DIRECTIONS
After dropping the pictures, give again exactly the lines of the data from its first line through the line with "集気びんの中で、ろうそくに火", which is included as well.

AVAILABLE DATA
=== Section Start ===

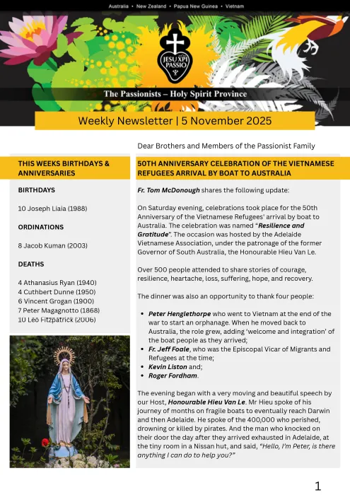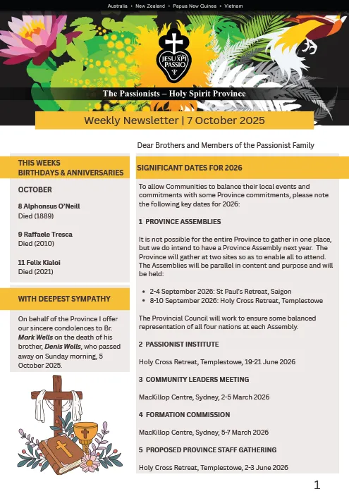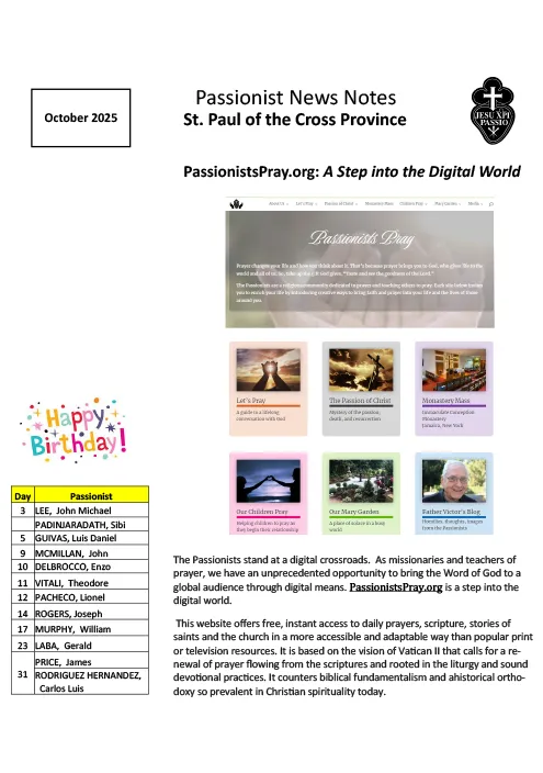 THE PASSIONISTS – HOLY SPIRIT PROVINCEOctober 2025 Galleria THE PASSIONISTS – HOLY SPIRIT PROVINCEOctober 2025 Pubblicazioni THE PASSIONISTS – HOLY SPIRIT PROVINCEOctober 2025 Di A.M.|2025-11-04T12:21:44+01:00Novembre 4th, 2025|Pubblicazioni|0 Commenti Continua a leggere
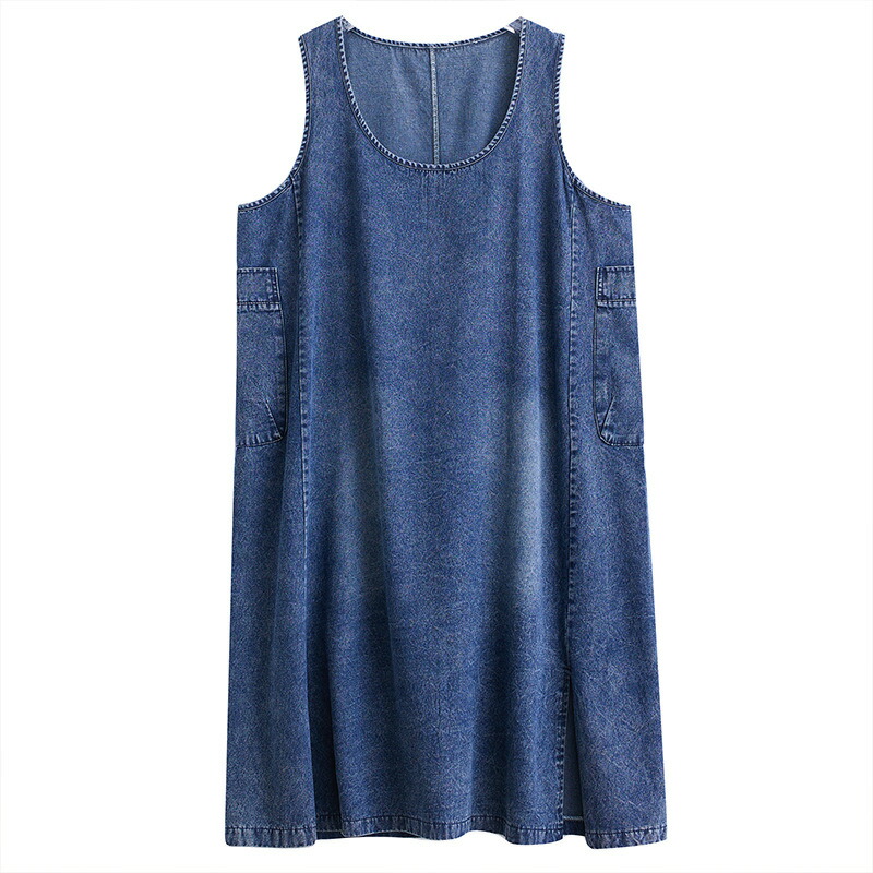 デニムワンピース ガウンワンピース シャツワンピース 大きいサイズ ポケット付き ロングワンピース 袖なし ロング丈 ゆったり 体型カバー カジュアル
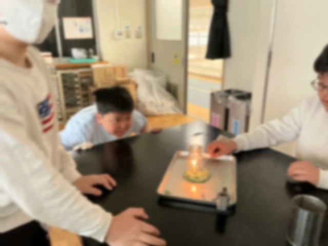 集気びんの中で、ろうそくに火をつけ、空気の動きを観察しました。空気の入り口と出口がないと、ろうそくの火が消えてしまうことに気付きました。空気の入れ替わりがものを燃やすには必要であると結論をまとめました。
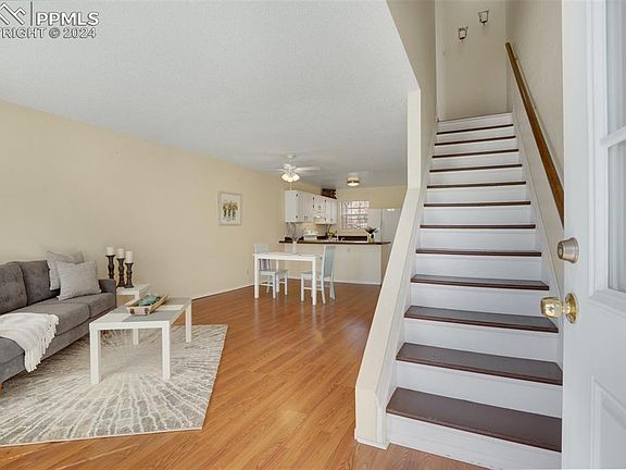 Welcome to your new home in the charming Gold Hill community of Colorado Springs! This delightful two-bedroom, two-bathroom condominium offers a cozy retreat nestled amidst the scenic beauty of the Colorado Rockies. As you step into the bright and airy living room, you're greeted by a south-facing bay window, perfect for basking in natural light or creating a cozy reading nook. The spacious dining area provides ample room for entertaining, whether gathered around the table or perched at the kitchen bar. The well-appointed kitchen overlooks the main floor, offering plenty of space for culinary adventures. You'll appreciate the convenience of the pantry, providing ample storage for all your cooking essentials. Step outside onto your private patio to savor the fresh mountain air. Upstairs, the expansive primary bedroom features a vaulted ceiling, generous closet space, and panoramic vistas of the Rocky Mountains and Bear Creek Regional Park. The second bedroom, tucked away on the north side of the unit, offers tranquility and shade amidst the surrounding trees. Conveniently located on the southwest side of Colorado Springs, this home provides easy access to outdoor activities, Colorado Highway 115, and I-25. For those affiliated with the military, Cheyenne Mountain Space Force Station and Fort Carson Army Post are just a short drive away. Don't miss this opportunity to make this wonderful condominium your own slice of Colorado paradise. Schedule a viewing today and start envisioning your new life in Gold Hill!
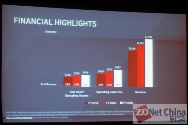 RedHat最近三个财年的表现可谓是稳定增长,2015财年营收17.9亿美元,平均年增长率在15%左右,利润率稳定在23%左右,完全可以说是最成功的OSS厂商
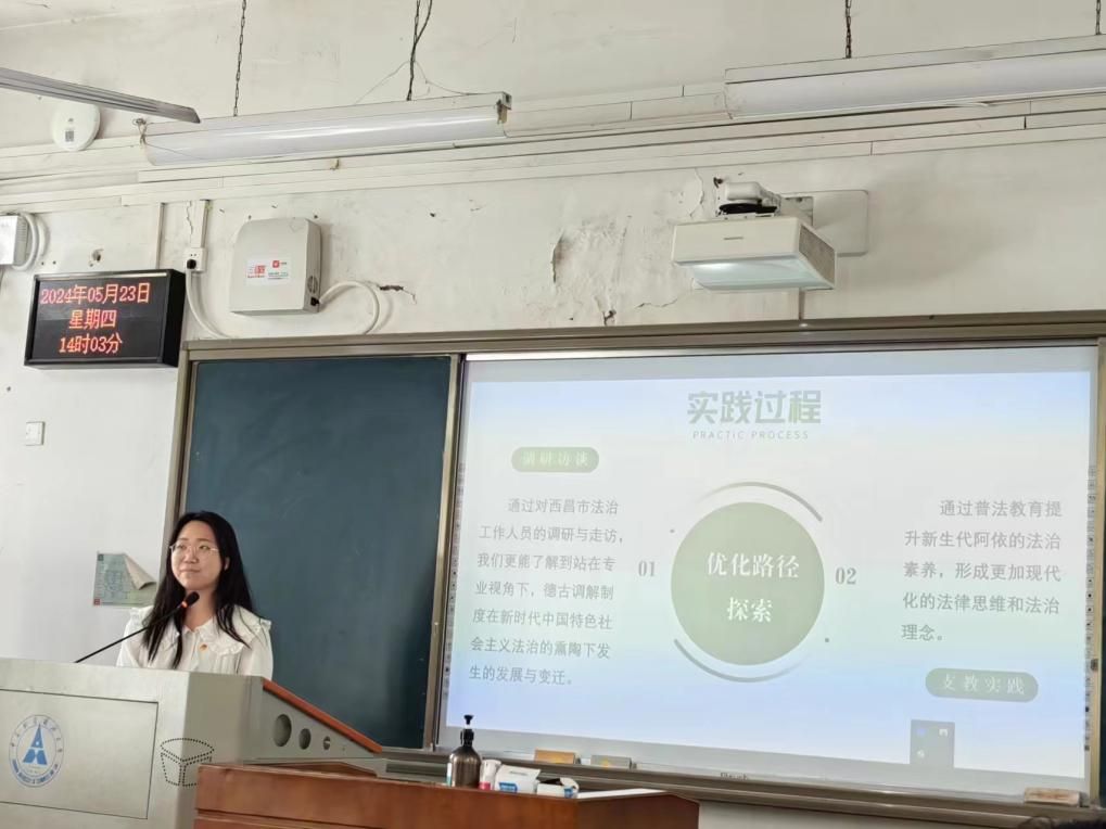班会伊始,黄希哲同学分享了她在凉山支教的社会实践经历。理论知识虽为基石,但唯有置身其中,亲身经历那些挑战与困境——从艰难的山路跋涉到孩子们渴求知识的目光,从简陋的教学条件到心灵深处的触动——方能领悟到知识应用的真谛,感受到个人行动对于促进社会进步的深远意义。通过她的亲身经历,同学们被唤醒的不仅是对社会现实的关注,更有将所学知识应用于实践,服务于社会的热情和决心。
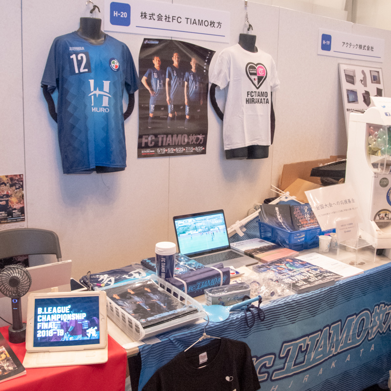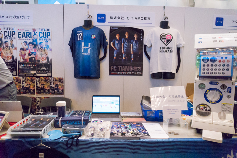 FCティアモ枚方さんのブースではサポーターグッズや、背番号バッチのガチャガチャが設置されていました。
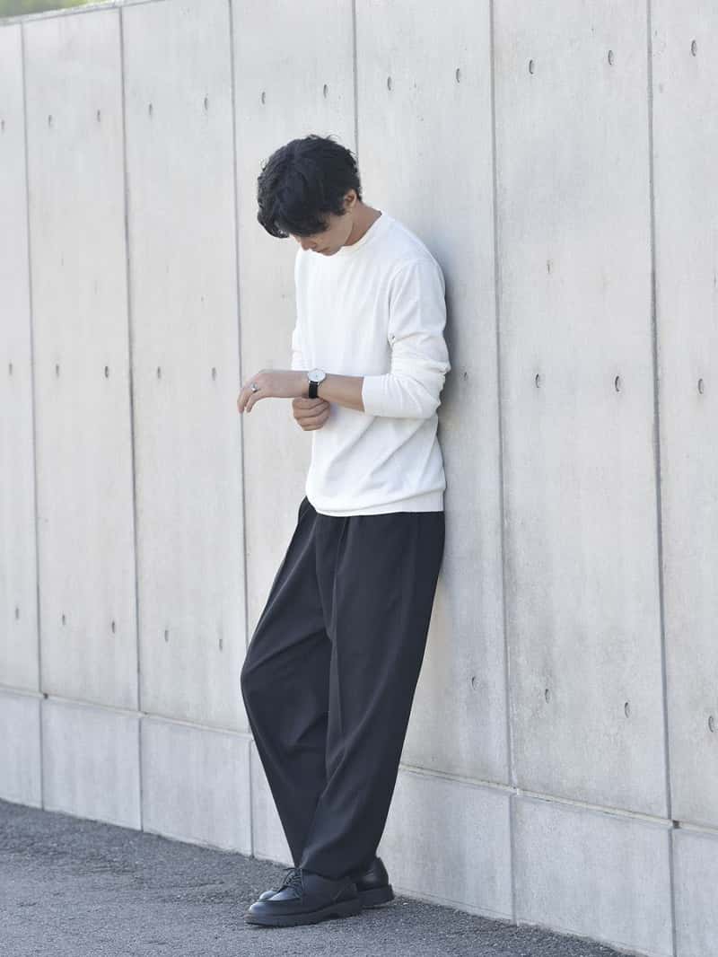黒のワイドパンツ、黒のテーパードスラックス、スリムニットの3つがあればトレンド感のあるカジュアルコーディネート、ON”のシーンにピッタリなキレイめコーディネートが作れます。 LIQUIDニット SILK タイトシルエットなこちらのニットはワイドパンツと合わせればAライン、テーパードスラックスと合わせればIラインが完成します。 CODEワイドスラックス ワイドシルエットはAラインが完成します。 CODE3 テーパードスラックス スリムなシルエットはIラインが完成します。 01 ワイドパンツはまず黒から挑戦するのがおすすめです。 白のニットを合わせた無彩色のみの色合わせは、どんな色のアウターを合わせても無彩色+1色の色合わせになるベースコーデです。 黒のボトムに黒の革靴を合わせることで脚が長く見える効果があります。 使用アイテム 大人デニムシャツジャケット LIQUIDニット SILK CODEワイドスラックス コートスプリットレザーUチップシューズ 02 ワントーンの色合わせは腰と脚の境目が分からなくなるので脚が長く見えます。 どんな色のアウターを合わせても無彩色+1色の色合わせになるベースコーデです。 タックインをしたXラインにもオススメのコーディネートです。 使用アイテム LIQUIDニット SILK CODEワイドスラックス 03 無彩色+1色の色合わせ。 色が黒になりがちという方は有彩色を1色取り入れるところから始めてみてください。 セットアップになる黒のカーディガンを合わせれば簡単にオシャレに見せることができます。 使用アイテム CODEテーラードカーディガン2ボタン LIQUIDニット SILK CODEワイドスラックス コートスプリットレザーUチップシューズ 04 Iラインで無彩色の色合わせ。 どんな色のアウターを合わせても無彩色+1色の色合わせになるベースコーデです。 アウターにカジュアルなデニムジャケットを合わせればキレイめカジュアルの完成です。 使用アイテム 大人デニムシャツジャケット LIQUIDニット SILK CODE3 テーパードスラックス 05 Iラインでワントーンの色合わせ。 先ほどと同じく、どんな色のアウターを合わせても無彩色+1色の色合わせになるベースコーデです。 ロングコートを合わせると大人っぽいYラインシルエットが構築できます。 使用アイテム 裏地付き 大人ツイルチェスター LIQUIDニット SILK CODE3 テーパードスラックス 06 Iラインで無彩色+1色の色合わせ。 テーラードジャケットを合わせればビジネスカジュアルにも対応できます。 ニットは女性からの印象も良く、お出かけやディナーデートにもおすすめのコーディネートです。 使用アイテム CODE3 テーラードジャケット LIQUIDニット SILK CODE3 テーパードスラックス 最新アイテムランキング ※ランキングはウィークリーで売れているものTOP5を表示しています。 5位以下も見てみる AUEN[オーエン] AUENは仕事もプライベートも忙しい30〜40代男性向けファッションブランド。 会員数は37万人を突破し、AUENアプリは累計50万DL(2025年9月時点)を達成しました。 独自サービス 「AI似合う服診断®」 は4万人以上が体験。 顔写真を撮影するだけで、顔の特徴から似合う服の方向性を診断し、毎日の服選びをスマートにサポートします。 これからもAUENは、大人を魅力的にする商品とサービスを通じて、あなたの毎日をより豊かにしていきます。 詳しくはこちら メディアTOPへ戻る

=== Section End ===

FINISHED TASK
 THE PASSIONISTS – HOLY SPIRIT PROVINCEOctober 2025 Galleria THE PASSIONISTS – HOLY SPIRIT PROVINCEOctober 2025 Pubblicazioni THE PASSIONISTS – HOLY SPIRIT PROVINCEOctober 2025 Di A.M.|2025-11-04T12:21:44+01:00Novembre 4th, 2025|Pubblicazioni|0 Commenti Continua a leggere
 デニムワンピース ガウンワンピース シャツワンピース 大きいサイズ ポケット付き ロングワンピース 袖なし ロング丈 ゆったり 体型カバー カジュアル
 集気びんの中で、ろうそくに火をつけ、空気の動きを観察しました。空気の入り口と出口がないと、ろうそくの火が消えてしまうことに気付きました。空気の入れ替わりがものを燃やすには必要であると結論をまとめました。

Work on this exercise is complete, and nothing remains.